#### Exercise objective
Reproduce the lines of the listing exactly, beginning at the top, until the line with "Lucky One First" has been reproduced too.

#### Provided information
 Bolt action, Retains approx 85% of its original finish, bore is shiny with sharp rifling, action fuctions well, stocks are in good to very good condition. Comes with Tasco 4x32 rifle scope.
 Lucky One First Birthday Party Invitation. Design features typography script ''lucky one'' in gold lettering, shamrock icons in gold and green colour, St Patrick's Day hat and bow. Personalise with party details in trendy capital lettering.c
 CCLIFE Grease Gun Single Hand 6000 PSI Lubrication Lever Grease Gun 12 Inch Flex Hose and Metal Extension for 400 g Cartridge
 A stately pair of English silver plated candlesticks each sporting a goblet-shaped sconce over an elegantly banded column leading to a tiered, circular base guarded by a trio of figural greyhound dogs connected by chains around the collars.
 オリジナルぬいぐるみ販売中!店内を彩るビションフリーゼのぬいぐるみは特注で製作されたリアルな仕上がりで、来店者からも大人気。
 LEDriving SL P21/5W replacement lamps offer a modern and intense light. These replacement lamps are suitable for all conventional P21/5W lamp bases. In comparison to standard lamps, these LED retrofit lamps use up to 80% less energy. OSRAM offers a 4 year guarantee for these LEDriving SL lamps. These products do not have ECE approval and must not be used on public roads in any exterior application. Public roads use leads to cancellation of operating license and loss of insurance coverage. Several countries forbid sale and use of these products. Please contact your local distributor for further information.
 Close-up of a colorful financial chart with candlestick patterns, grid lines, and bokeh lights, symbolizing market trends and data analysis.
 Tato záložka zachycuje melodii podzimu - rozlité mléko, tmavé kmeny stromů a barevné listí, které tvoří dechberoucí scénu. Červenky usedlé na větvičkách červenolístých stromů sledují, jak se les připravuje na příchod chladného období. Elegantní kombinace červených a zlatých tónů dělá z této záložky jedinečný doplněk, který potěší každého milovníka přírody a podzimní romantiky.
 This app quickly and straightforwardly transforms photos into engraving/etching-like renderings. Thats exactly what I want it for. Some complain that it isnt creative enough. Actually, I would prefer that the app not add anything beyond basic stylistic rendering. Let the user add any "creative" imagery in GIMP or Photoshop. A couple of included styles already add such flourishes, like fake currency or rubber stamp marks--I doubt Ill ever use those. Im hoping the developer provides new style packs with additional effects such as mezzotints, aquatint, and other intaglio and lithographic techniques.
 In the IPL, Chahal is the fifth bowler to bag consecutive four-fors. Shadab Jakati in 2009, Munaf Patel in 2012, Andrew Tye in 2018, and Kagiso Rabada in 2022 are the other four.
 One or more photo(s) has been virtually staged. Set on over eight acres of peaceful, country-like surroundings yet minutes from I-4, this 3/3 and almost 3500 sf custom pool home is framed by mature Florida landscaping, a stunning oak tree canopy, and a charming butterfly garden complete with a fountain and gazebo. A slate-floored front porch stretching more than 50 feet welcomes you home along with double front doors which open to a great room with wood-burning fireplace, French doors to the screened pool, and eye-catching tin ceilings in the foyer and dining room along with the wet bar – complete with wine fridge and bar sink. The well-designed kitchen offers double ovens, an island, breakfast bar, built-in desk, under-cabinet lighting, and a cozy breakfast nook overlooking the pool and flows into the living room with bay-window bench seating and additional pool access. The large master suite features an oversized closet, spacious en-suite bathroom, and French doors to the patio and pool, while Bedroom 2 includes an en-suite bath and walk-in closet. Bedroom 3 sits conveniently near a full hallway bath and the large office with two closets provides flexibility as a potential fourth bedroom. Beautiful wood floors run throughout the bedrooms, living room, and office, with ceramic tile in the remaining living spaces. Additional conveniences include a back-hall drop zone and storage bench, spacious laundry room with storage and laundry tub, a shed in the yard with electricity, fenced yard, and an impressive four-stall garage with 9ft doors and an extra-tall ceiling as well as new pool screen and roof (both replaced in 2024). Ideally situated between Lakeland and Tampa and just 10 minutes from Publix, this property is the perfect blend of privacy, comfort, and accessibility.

#### Answer area
 Bolt action, Retains approx 85% of its original finish, bore is shiny with sharp rifling, action fuctions well, stocks are in good to very good condition. Comes with Tasco 4x32 rifle scope.
 Lucky One First Birthday Party Invitation. Design features typography script ''lucky one'' in gold lettering, shamrock icons in gold and green colour, St Patrick's Day hat and bow. Personalise with party details in trendy capital lettering.c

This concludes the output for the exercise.